Assignment
If a line below falls between the line with "Similarly to the" and the line with "Fuse Block - Left", or is one of those two, output it exactly; output nothing else and no pictures.
Provided records: Begin
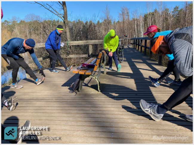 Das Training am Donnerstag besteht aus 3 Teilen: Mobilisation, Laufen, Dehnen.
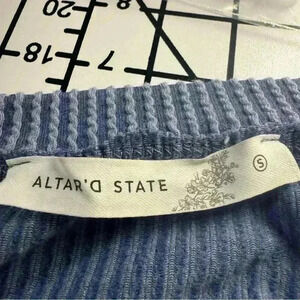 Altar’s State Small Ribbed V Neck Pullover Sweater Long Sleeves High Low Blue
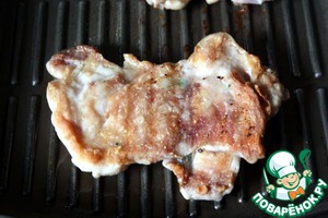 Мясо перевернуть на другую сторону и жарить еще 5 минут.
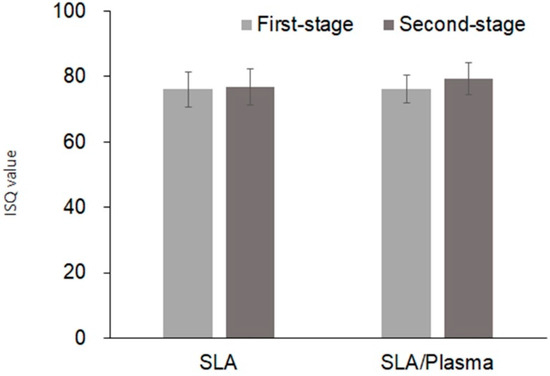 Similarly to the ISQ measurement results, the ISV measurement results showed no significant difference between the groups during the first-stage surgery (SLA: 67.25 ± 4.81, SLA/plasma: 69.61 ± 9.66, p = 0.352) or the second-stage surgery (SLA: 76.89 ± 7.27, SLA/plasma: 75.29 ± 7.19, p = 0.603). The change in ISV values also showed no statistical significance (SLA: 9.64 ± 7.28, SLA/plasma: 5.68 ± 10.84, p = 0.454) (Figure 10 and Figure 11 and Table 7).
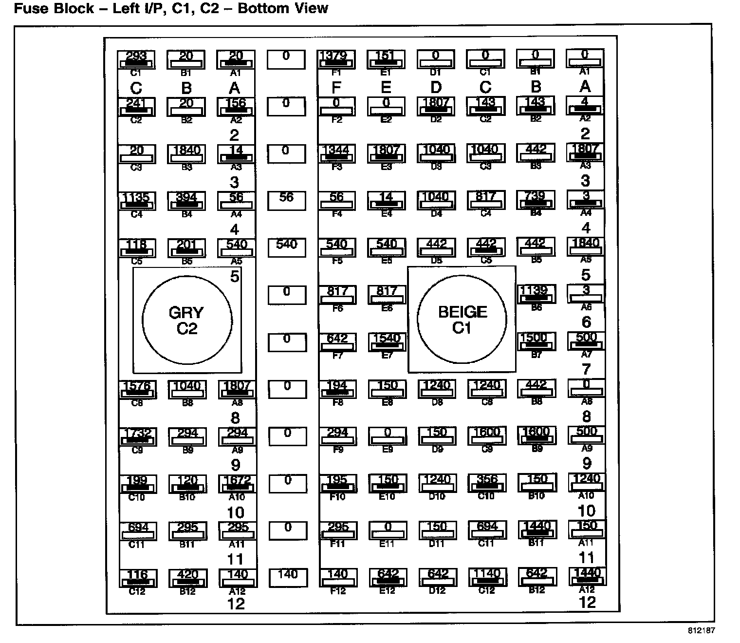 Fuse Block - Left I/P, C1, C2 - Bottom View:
Provided records: End
Provided records: Begin
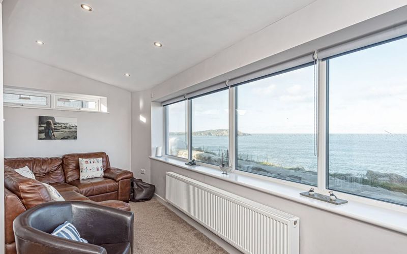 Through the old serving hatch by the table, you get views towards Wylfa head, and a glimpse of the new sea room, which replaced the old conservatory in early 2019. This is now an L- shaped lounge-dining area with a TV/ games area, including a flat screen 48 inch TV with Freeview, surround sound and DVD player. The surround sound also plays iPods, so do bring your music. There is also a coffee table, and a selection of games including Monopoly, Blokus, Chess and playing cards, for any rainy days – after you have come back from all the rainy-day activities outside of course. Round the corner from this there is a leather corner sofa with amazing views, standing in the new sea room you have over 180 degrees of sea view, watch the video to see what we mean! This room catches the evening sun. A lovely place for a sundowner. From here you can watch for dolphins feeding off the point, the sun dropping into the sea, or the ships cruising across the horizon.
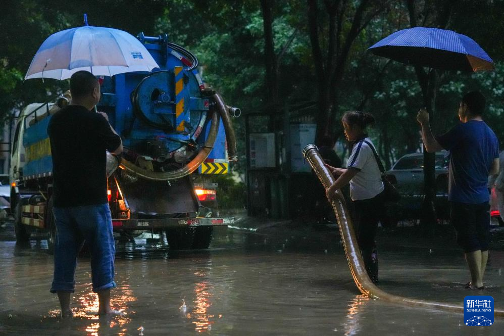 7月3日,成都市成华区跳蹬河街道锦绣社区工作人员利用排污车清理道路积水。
Provided records: End
Provided records: Begin
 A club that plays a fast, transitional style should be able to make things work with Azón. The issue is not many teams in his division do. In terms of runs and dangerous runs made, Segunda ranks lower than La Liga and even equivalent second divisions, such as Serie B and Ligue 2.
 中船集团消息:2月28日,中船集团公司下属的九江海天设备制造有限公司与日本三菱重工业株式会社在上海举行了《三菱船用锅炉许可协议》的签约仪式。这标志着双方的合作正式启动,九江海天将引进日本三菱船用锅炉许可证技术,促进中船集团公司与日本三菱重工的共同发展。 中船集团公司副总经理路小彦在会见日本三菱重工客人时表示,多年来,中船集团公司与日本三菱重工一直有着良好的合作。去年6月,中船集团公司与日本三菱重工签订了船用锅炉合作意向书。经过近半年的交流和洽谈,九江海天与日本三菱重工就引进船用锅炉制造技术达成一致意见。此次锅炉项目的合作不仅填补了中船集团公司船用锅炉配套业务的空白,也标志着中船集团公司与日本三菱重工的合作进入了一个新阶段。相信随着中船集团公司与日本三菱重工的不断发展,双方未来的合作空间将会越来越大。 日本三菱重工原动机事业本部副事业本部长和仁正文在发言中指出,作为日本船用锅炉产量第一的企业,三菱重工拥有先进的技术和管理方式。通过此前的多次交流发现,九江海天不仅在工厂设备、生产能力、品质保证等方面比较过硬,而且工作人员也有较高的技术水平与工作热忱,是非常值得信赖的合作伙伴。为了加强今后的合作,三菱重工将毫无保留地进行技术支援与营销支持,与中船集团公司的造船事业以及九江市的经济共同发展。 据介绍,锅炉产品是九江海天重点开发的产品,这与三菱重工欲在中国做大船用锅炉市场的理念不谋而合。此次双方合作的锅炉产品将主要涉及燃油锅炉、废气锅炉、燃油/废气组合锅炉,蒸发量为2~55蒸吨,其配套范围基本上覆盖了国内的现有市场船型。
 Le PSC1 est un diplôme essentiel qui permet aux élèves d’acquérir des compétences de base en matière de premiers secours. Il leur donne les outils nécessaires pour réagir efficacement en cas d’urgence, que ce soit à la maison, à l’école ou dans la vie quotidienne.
Provided records: End
Exercise answer
 Similarly to the ISQ measurement results, the ISV measurement results showed no significant difference between the groups during the first-stage surgery (SLA: 67.25 ± 4.81, SLA/plasma: 69.61 ± 9.66, p = 0.352) or the second-stage surgery (SLA: 76.89 ± 7.27, SLA/plasma: 75.29 ± 7.19, p = 0.603). The change in ISV values also showed no statistical significance (SLA: 9.64 ± 7.28, SLA/plasma: 5.68 ± 10.84, p = 0.454) (Figure 10 and Figure 11 and Table 7).
 Fuse Block - Left I/P, C1, C2 - Bottom View:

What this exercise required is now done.